> _Prompt_: An exact transcription is needed, starting at the line containing "Lots typically contain: comforters, quilts, bed-in-bag" and running through the last line of the records, with every picture left out.
Start of Given entries
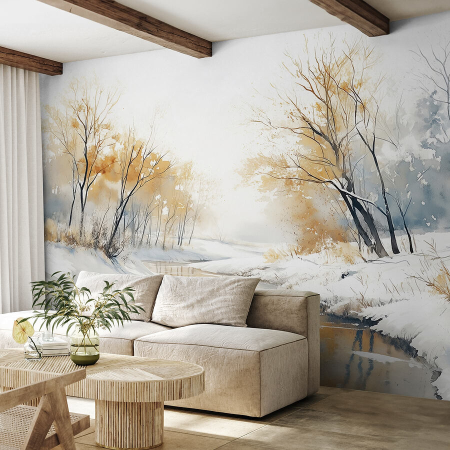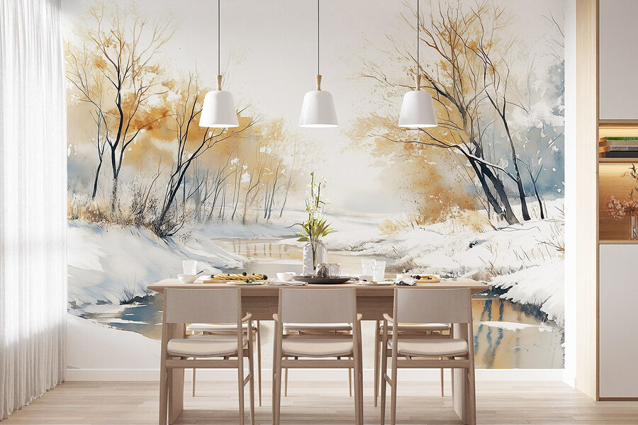 Imagínese entrar en un país de las maravillas nevado cada vez que entre en su habitación. Este mural “Río con nieve y árboles” captura ese ambiente sereno como una manta acogedora en un día frío. Los tonos suaves de la acuarela se mezclan suavemente, creando una escena pacífica del río enmarcada por los árboles delicados, todos espolvoreados en una capa de nieve.
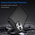 De geborstelde TPU-hoes beschermt je iPhone 15 voldoende en geeft hem een geweldige stijl, dankzij het koolstofvezelpatroon op de achterkant. De case zorgt ook voor oververhitting bij gebruik van je iPhone 15, met zijn ontwerp voor warmteafvoer.
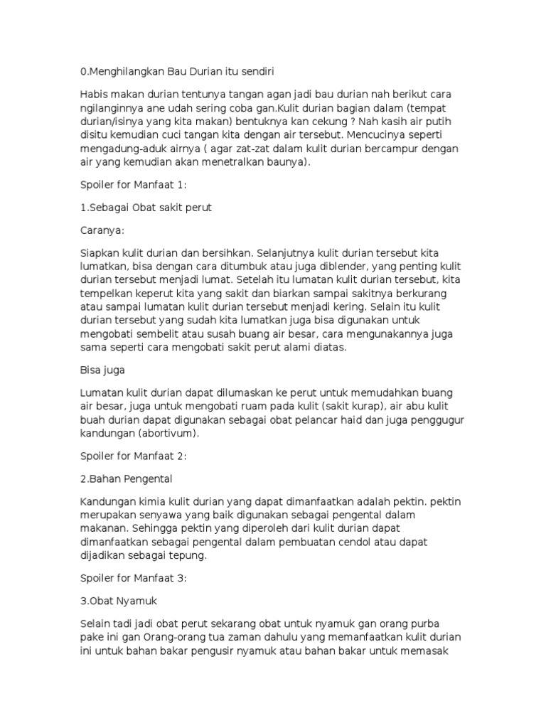 Gallery. Nah, manfaatkan serbuk durian tersebut sebagai salep yang ditaburkan ke bagian bisul secara teratur. Kamu bisa memanfaatkan kulit durian untuk mengusir nyamuk yang dapat menyebabkan penyakit, seperti demam berdarah.
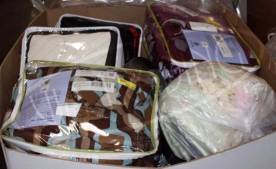 Lots typically contain: comforters, quilts, bed-in-bag sets & at times sheets, pillow shams, throws & other related items.
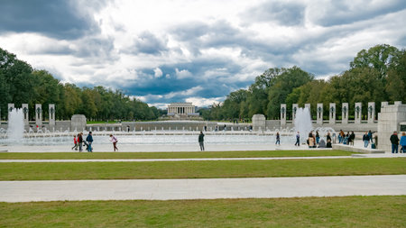 World War 2 memorial in Washington, DC. Walking tourists.
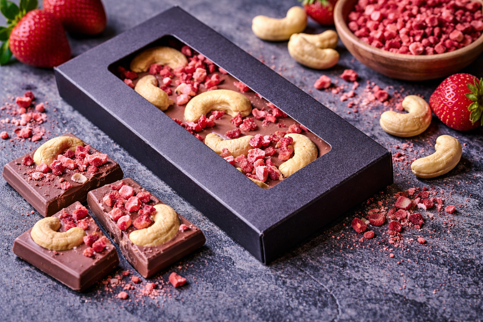 Сублимированная клубника добавляет натуральную ягодную кислинку и яркий аромат, а жареный кешью — нежную ореховую текстуру и тёплое послевкусие.
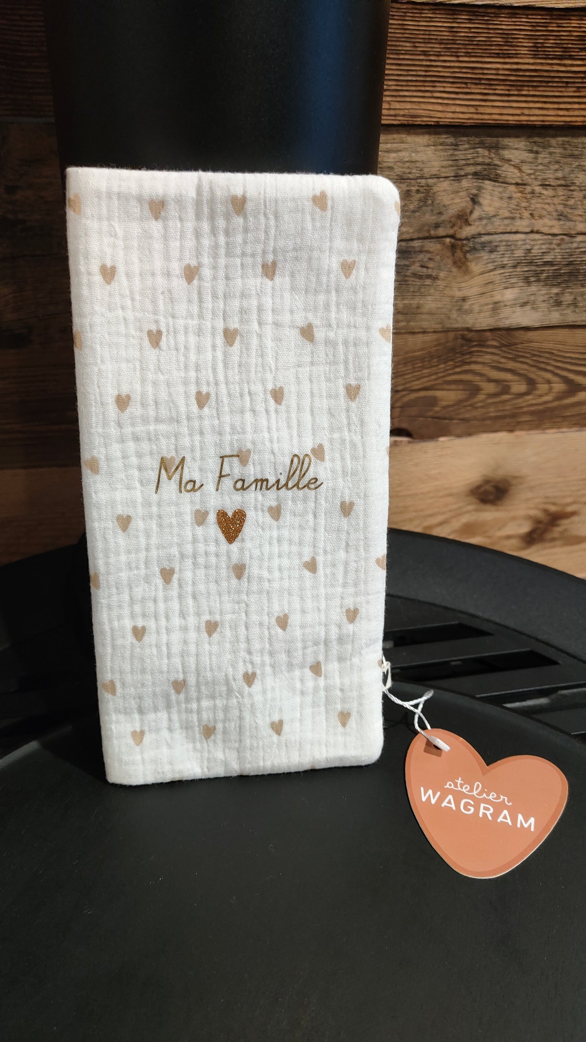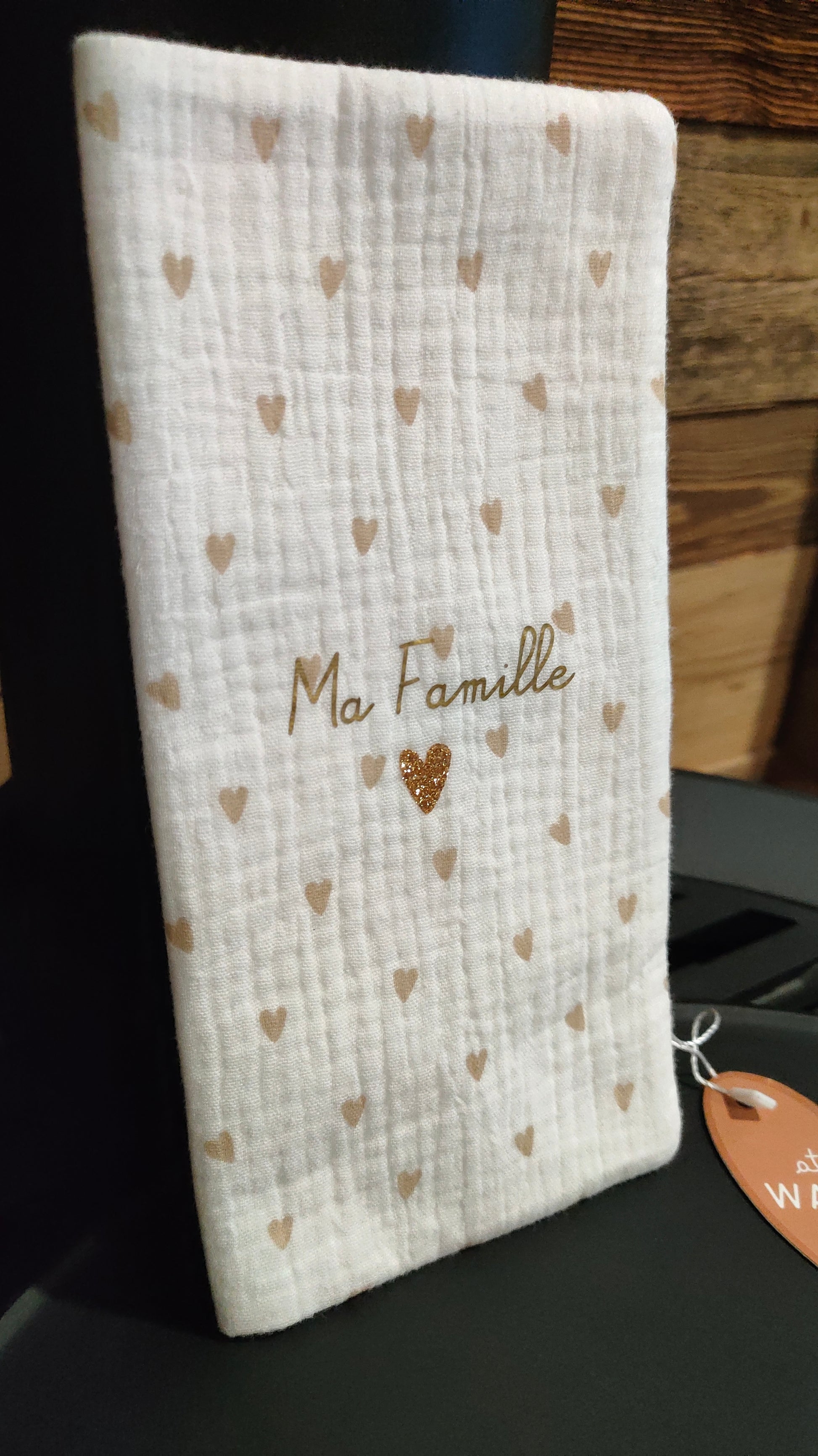 Protège livret de famille gaze motif coeurs MA FAMILLE
End of Given entries
> _Answer_:
 Lots typically contain: comforters, quilts, bed-in-bag sets & at times sheets, pillow shams, throws & other related items.
 World War 2 memorial in Washington, DC. Walking tourists.
 Сублимированная клубника добавляет натуральную ягодную кислинку и яркий аромат, а жареный кешью — нежную ореховую текстуру и тёплое послевкусие.
 Protège livret de famille gaze motif coeurs MA FAMILLE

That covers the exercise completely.